PROBLEM REQUIREMENTS ::
Copy down every line of the data that follows exactly. Omit the pictures.

──────── MATERIAL PROVIDED ────────

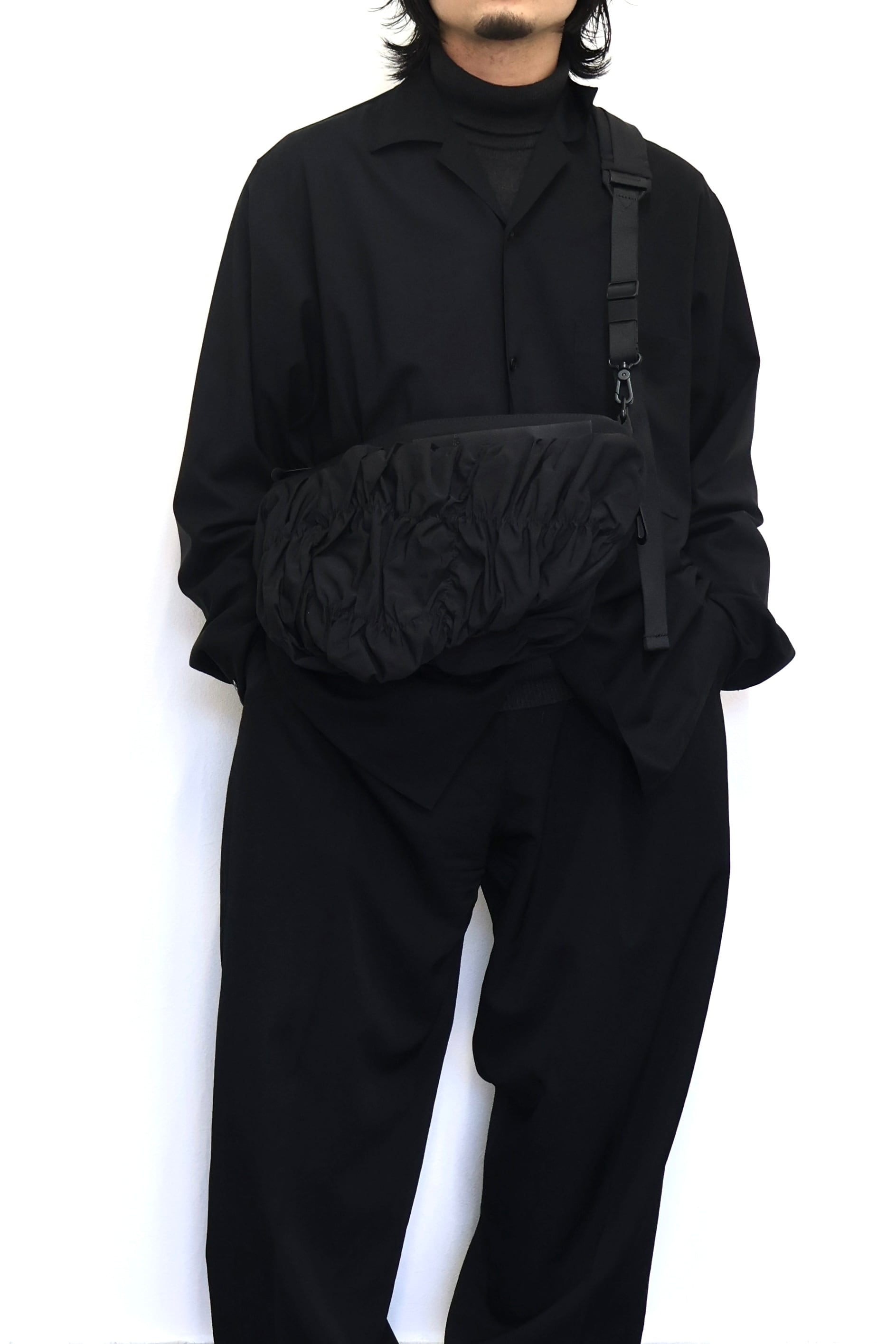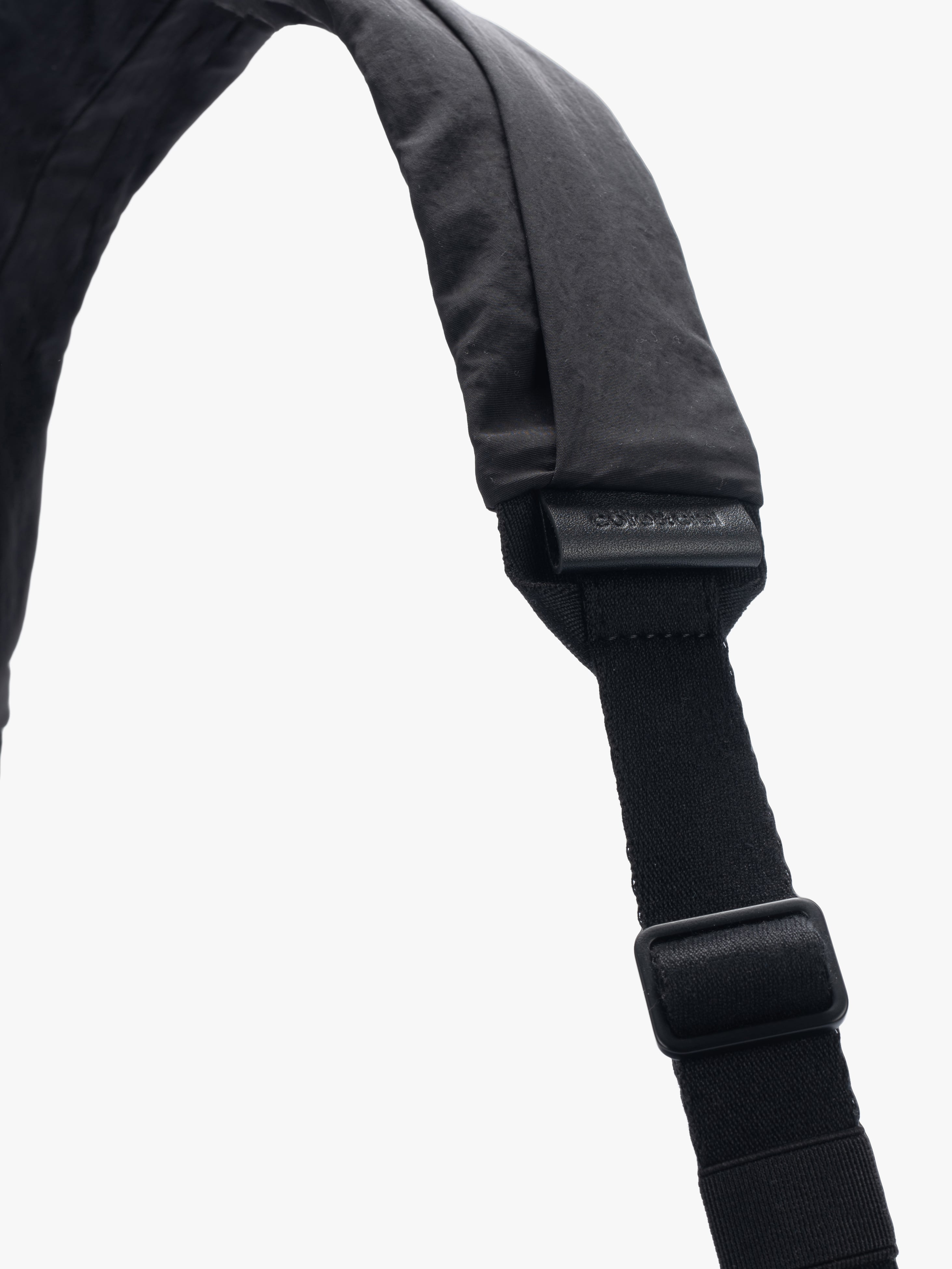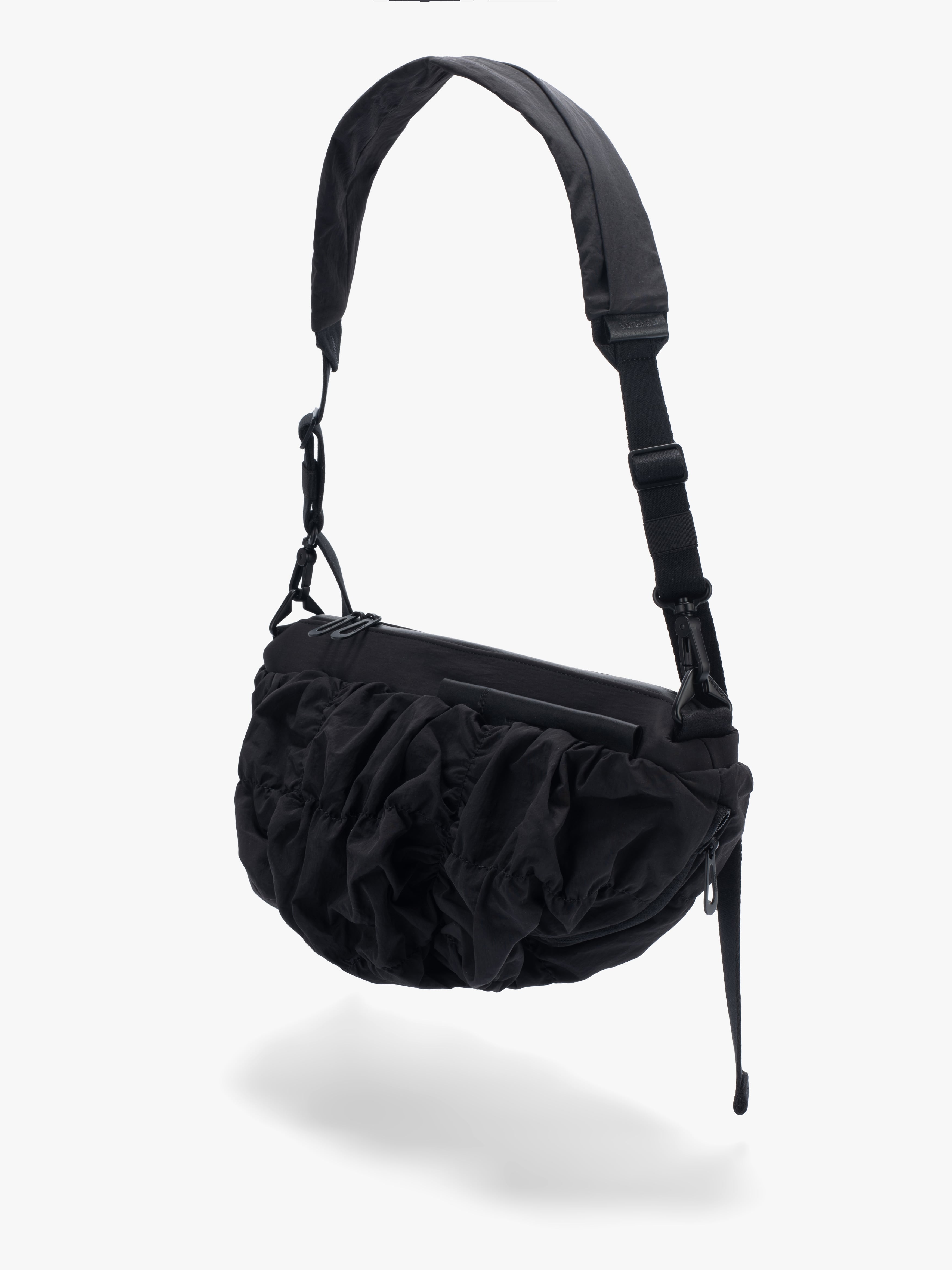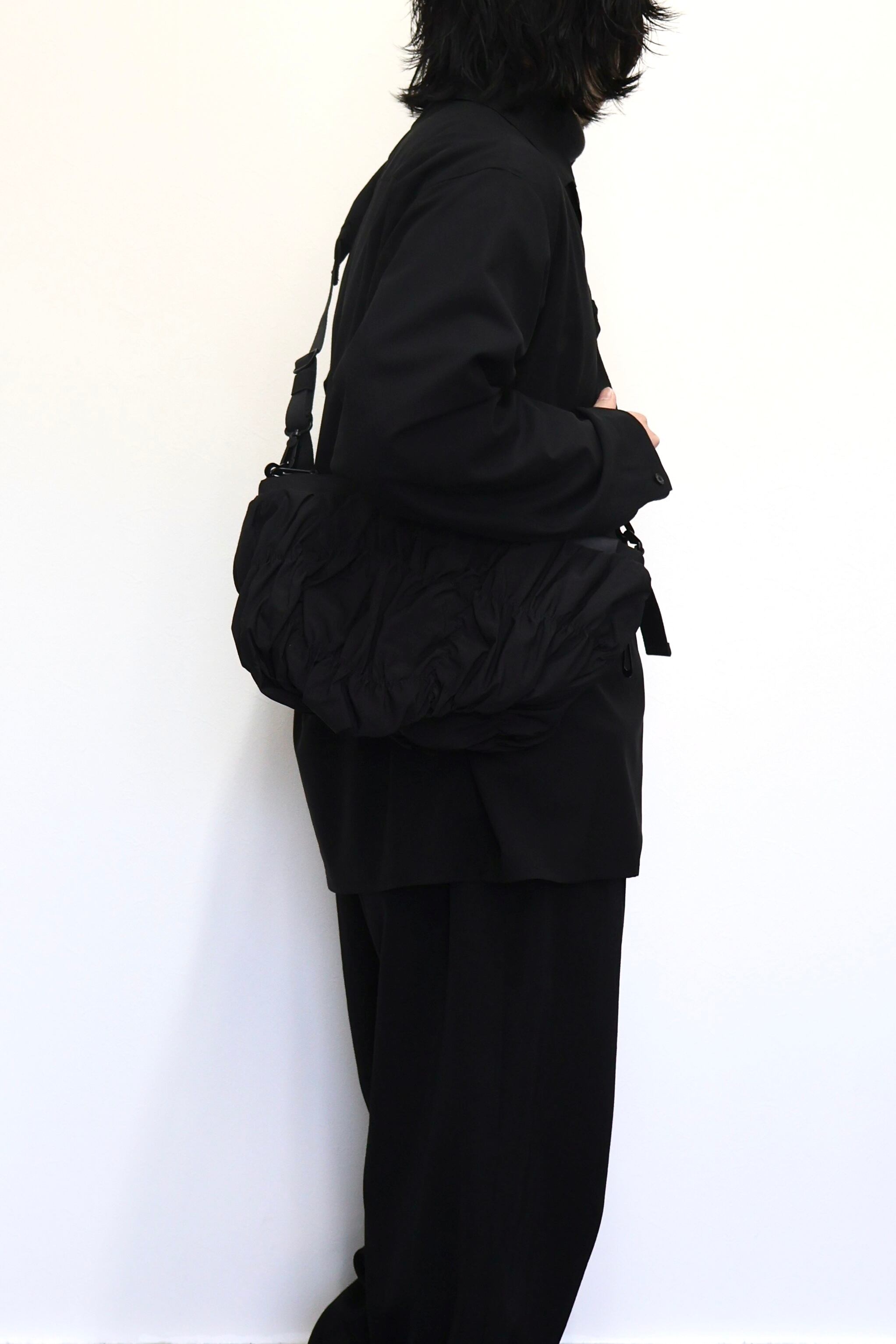 「ORNE」は身体の動きに調和するように設計されておりその彫刻的なシルエットが自然に身体のラインに寄り添います。滑らかなナイロンを使用した「Gathered Black」の素材は柔らかく折り目を寄せることで流動的で質感豊かな表情を作り出しています。バッグの底部に施されたわずかな「ひねり」が躍動感を強調。フォルム全体に立体的な奥行きを与えています。メインコンパートメントには撥水ファスナーを採用。外側のレザータグにはcôte&cielのブランドロゴが型押し。また取り外し可能なファスナー付きの「ADDA」ショルダーストラップは単体でミニマルなクロスボディバッグとしてもお使いいただけます。
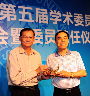 校党委书记江潭瑜为第四届学术委员会委员颁发纪念品。
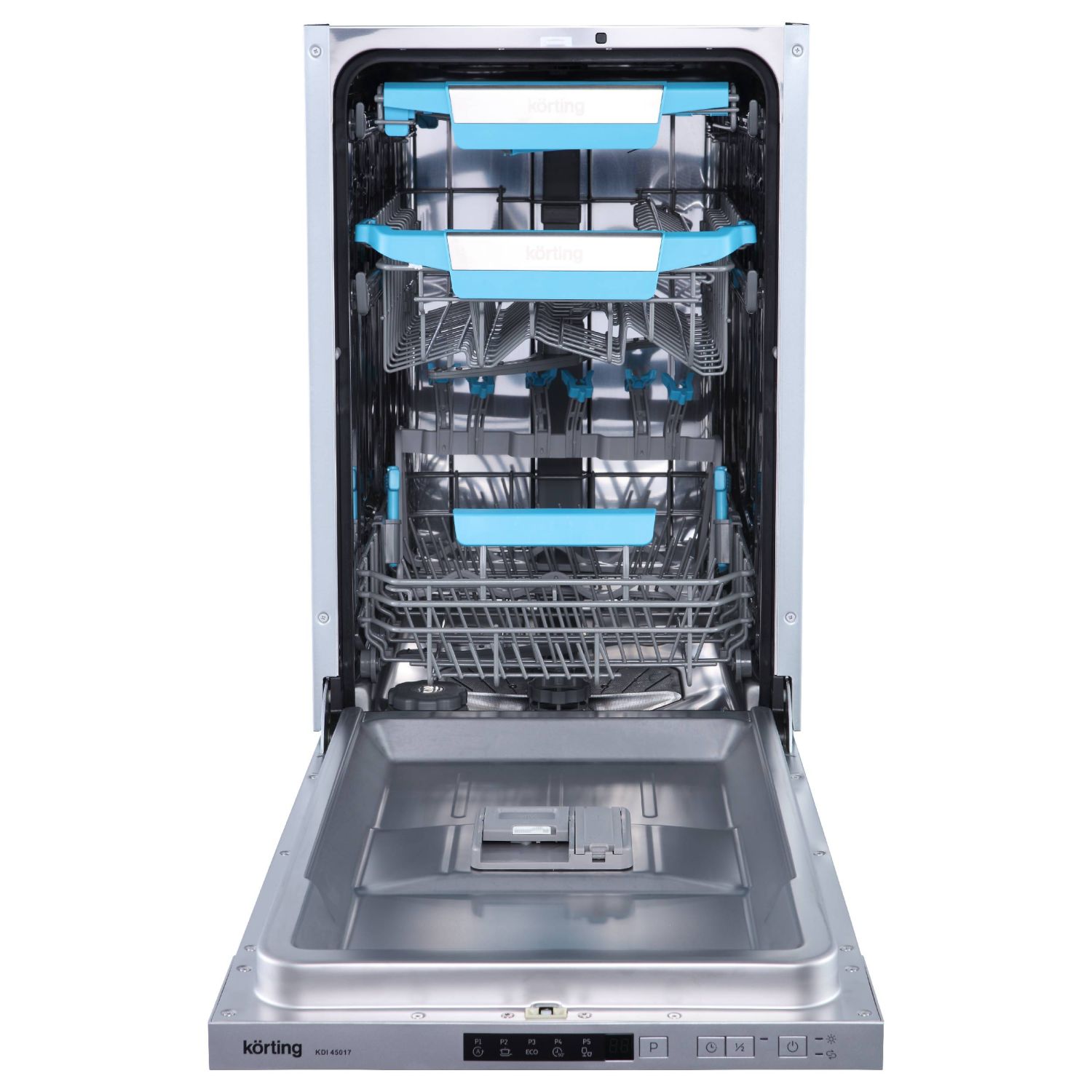 Мебельная фурнитура Фурнитура Blum Мойки кухонные ЛДСП / МДФ Столешницы и комплектующие Акриловый камень Grandex Внутреннее наполнение для кухни Компакт-плита HPL Профиль Алюминиевый PREMIAL Ручка профиль GOLA Бытовая техника Опоры и подстолье Комплектующие для шкафов Цокольные системы Система Joker Электрика Универсальная фурнитура Мерч и Образцы Прочие механизмы Матрасы ортопедические (под заказ) Каркасная мебель Loft0Встраиваемая посудомоечная машина, 45 см KDI 45017ХарактеристикиОписаниеАртикул 60323Артикул поставщика 00000020102Под заказ ДаШирина встраивания (см) 45Инверторный мотор НетКоличество корзин 3Конструкция ВстраиваемаяБазовая единица штДисплей ЕстьБыстрый цикл ЕстьЗащита от протечек ЕстьПроизводитель KortingПосудомоечная машина KDI 45017 – это современный и функциональный встраиваемый бытовой прибор шириной 45 см. Обладая компактными размерами, модель предлагает пять наиболее востребованных программ работы, включая автопрограмму, которая автоматически выбирает все необходимые параметры мойки для ежедневной очистки любых типов посуды с различными видами загрязнений. Машина оснащена тремя корзинами и держателем для бокалов; система регулировки высоты Easy Lift позволяет увеличить пространство в нижней корзине, чтобы разместить объемные предметы, такие как противень и кастрюли. Прибор оборудован цифровым дисплеем. Особая функция «Луч на полу» проецирует световой индикатор на пол во время выполнения программы и отключает его по завершении процесса мойки, что помогает визуально определить момент окончания программы. Посудомоечная машина поддерживает комбинированные моющие средства в одной таблетке «All in 1». Для повышения удобства в повседневном использовании предусмотрена функция половинной загрузки, позволяющая мыть небольшое количество посуды с минимальным расходом воды и электроэнергии. Также поддерживается функция отложенного старта от 1 до 24 часов. Благодаря инновационной форме разбрызгивателей «S-Form» потоки воды равномерно распределяются по всей камере, эффективно удаляя загрязнения с посуды на всех уровнях. Прибор обеспечивает полную защиту от протечек благодаря системе AquaControl. Кроме того, предусмотрено автоматическое открывание дверцы с функцией Dry Plus для более эффективного высушивания посуды. Модель имеет класс энергопотребления A++ и отличается низким уровнем шума – всего 47 дБ.

────────

OUTPUT OF THE TASK ::
 「ORNE」は身体の動きに調和するように設計されておりその彫刻的なシルエットが自然に身体のラインに寄り添います。滑らかなナイロンを使用した「Gathered Black」の素材は柔らかく折り目を寄せることで流動的で質感豊かな表情を作り出しています。バッグの底部に施されたわずかな「ひねり」が躍動感を強調。フォルム全体に立体的な奥行きを与えています。メインコンパートメントには撥水ファスナーを採用。外側のレザータグにはcôte&cielのブランドロゴが型押し。また取り外し可能なファスナー付きの「ADDA」ショルダーストラップは単体でミニマルなクロスボディバッグとしてもお使いいただけます。
 校党委书记江潭瑜为第四届学术委员会委员颁发纪念品。
 Мебельная фурнитура Фурнитура Blum Мойки кухонные ЛДСП / МДФ Столешницы и комплектующие Акриловый камень Grandex Внутреннее наполнение для кухни Компакт-плита HPL Профиль Алюминиевый PREMIAL Ручка профиль GOLA Бытовая техника Опоры и подстолье Комплектующие для шкафов Цокольные системы Система Joker Электрика Универсальная фурнитура Мерч и Образцы Прочие механизмы Матрасы ортопедические (под заказ) Каркасная мебель Loft0Встраиваемая посудомоечная машина, 45 см KDI 45017ХарактеристикиОписаниеАртикул 60323Артикул поставщика 00000020102Под заказ ДаШирина встраивания (см) 45Инверторный мотор НетКоличество корзин 3Конструкция ВстраиваемаяБазовая единица штДисплей ЕстьБыстрый цикл ЕстьЗащита от протечек ЕстьПроизводитель KortingПосудомоечная машина KDI 45017 – это современный и функциональный встраиваемый бытовой прибор шириной 45 см. Обладая компактными размерами, модель предлагает пять наиболее востребованных программ работы, включая автопрограмму, которая автоматически выбирает все необходимые параметры мойки для ежедневной очистки любых типов посуды с различными видами загрязнений. Машина оснащена тремя корзинами и держателем для бокалов; система регулировки высоты Easy Lift позволяет увеличить пространство в нижней корзине, чтобы разместить объемные предметы, такие как противень и кастрюли. Прибор оборудован цифровым дисплеем. Особая функция «Луч на полу» проецирует световой индикатор на пол во время выполнения программы и отключает его по завершении процесса мойки, что помогает визуально определить момент окончания программы. Посудомоечная машина поддерживает комбинированные моющие средства в одной таблетке «All in 1». Для повышения удобства в повседневном использовании предусмотрена функция половинной загрузки, позволяющая мыть небольшое количество посуды с минимальным расходом воды и электроэнергии. Также поддерживается функция отложенного старта от 1 до 24 часов. Благодаря инновационной форме разбрызгивателей «S-Form» потоки воды равномерно распределяются по всей камере, эффективно удаляя загрязнения с посуды на всех уровнях. Прибор обеспечивает полную защиту от протечек благодаря системе AquaControl. Кроме того, предусмотрено автоматическое открывание дверцы с функцией Dry Plus для более эффективного высушивания посуды. Модель имеет класс энергопотребления A++ и отличается низким уровнем шума – всего 47 дБ.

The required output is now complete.